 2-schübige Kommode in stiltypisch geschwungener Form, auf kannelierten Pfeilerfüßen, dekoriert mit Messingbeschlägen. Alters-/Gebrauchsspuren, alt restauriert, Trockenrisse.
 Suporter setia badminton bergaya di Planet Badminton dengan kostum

- - - -

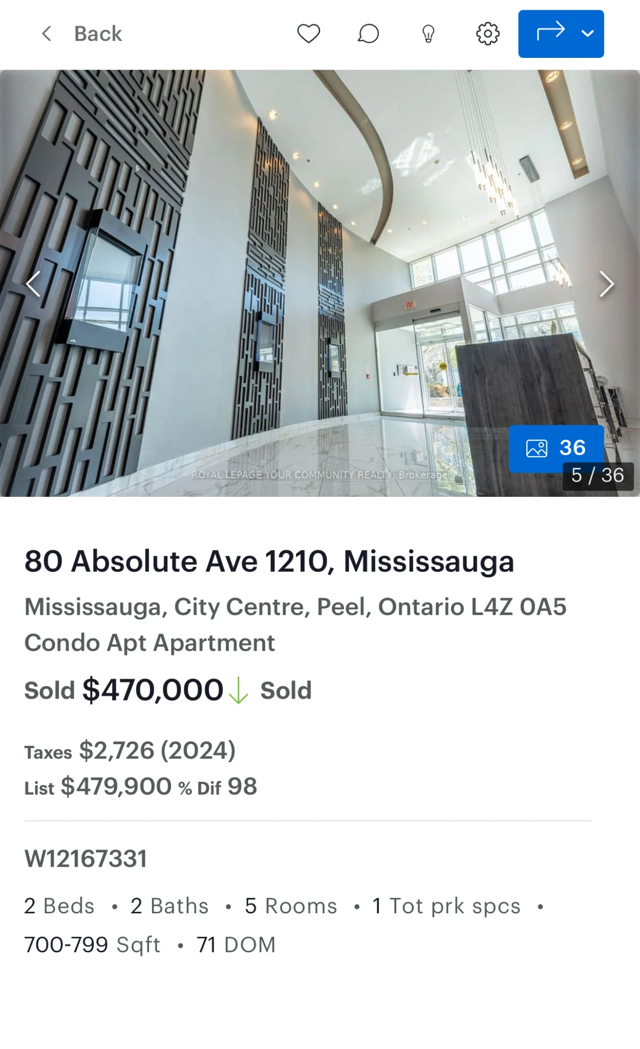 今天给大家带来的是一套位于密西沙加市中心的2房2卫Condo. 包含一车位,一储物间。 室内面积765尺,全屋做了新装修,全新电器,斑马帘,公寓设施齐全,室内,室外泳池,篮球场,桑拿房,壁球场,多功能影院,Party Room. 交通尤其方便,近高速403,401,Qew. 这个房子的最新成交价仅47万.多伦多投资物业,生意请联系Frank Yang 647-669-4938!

- - - -

Starting at the line that has "2-schübige Kommode in" and ending at the line that has "Suporter setia badminton", please write out the lines above exactly, leaving out all others.

:: Result ::
 2-schübige Kommode in stiltypisch geschwungener Form, auf kannelierten Pfeilerfüßen, dekoriert mit Messingbeschlägen. Alters-/Gebrauchsspuren, alt restauriert, Trockenrisse.
 Suporter setia badminton bergaya di Planet Badminton dengan kostum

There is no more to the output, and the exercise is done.